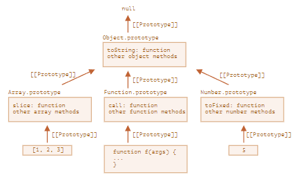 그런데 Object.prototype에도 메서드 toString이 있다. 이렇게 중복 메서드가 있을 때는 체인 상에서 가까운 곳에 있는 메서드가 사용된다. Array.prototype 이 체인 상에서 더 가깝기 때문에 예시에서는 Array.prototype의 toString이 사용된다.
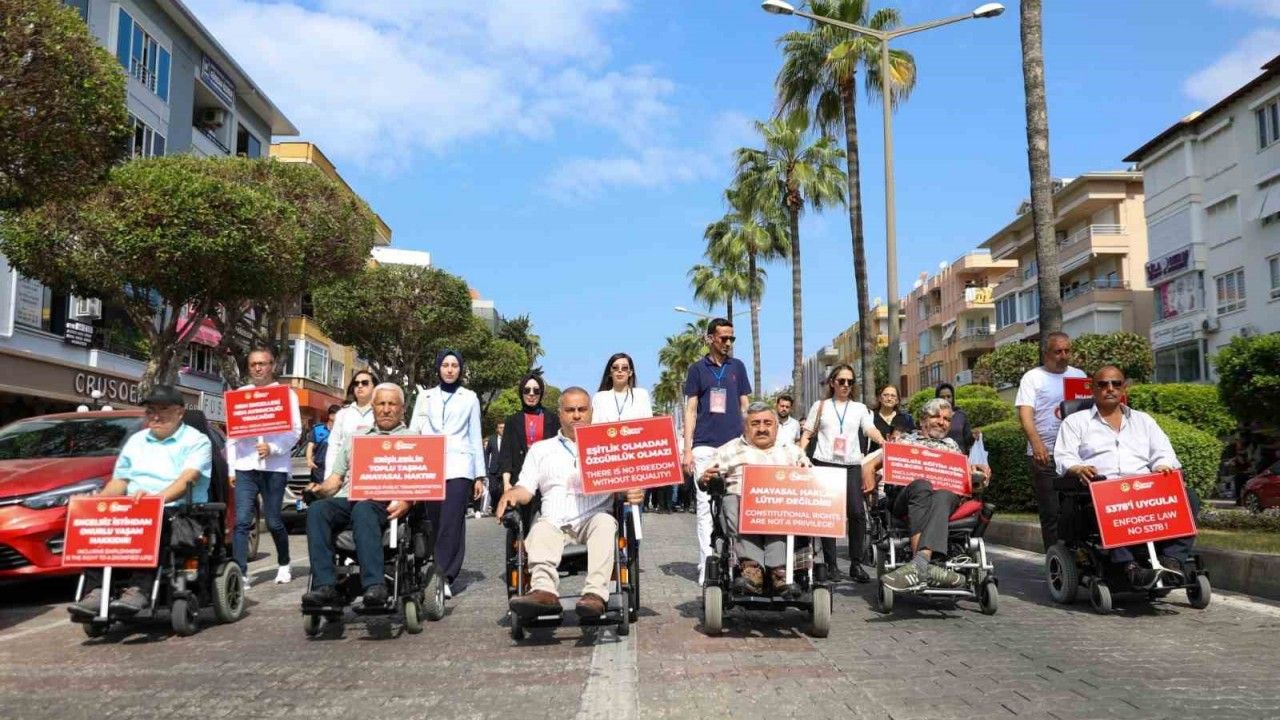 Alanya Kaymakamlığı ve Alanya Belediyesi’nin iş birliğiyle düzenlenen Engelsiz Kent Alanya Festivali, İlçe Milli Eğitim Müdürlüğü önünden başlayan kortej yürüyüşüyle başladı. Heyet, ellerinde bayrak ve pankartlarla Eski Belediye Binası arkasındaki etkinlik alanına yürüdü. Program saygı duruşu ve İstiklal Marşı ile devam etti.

============================================================

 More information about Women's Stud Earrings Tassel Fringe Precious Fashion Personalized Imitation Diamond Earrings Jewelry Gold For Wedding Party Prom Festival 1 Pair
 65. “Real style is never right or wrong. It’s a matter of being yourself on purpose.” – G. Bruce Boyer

============================================================

__TO DO__. Look in the material above for the line with "More information about" and the line with "G. Bruce Boyer", and transcribe exactly those lines and all lines between them, nothing more.

__ANSWER FOR THE TASK__.
 More information about Women's Stud Earrings Tassel Fringe Precious Fashion Personalized Imitation Diamond Earrings Jewelry Gold For Wedding Party Prom Festival 1 Pair
 65. “Real style is never right or wrong. It’s a matter of being yourself on purpose.” – G. Bruce Boyer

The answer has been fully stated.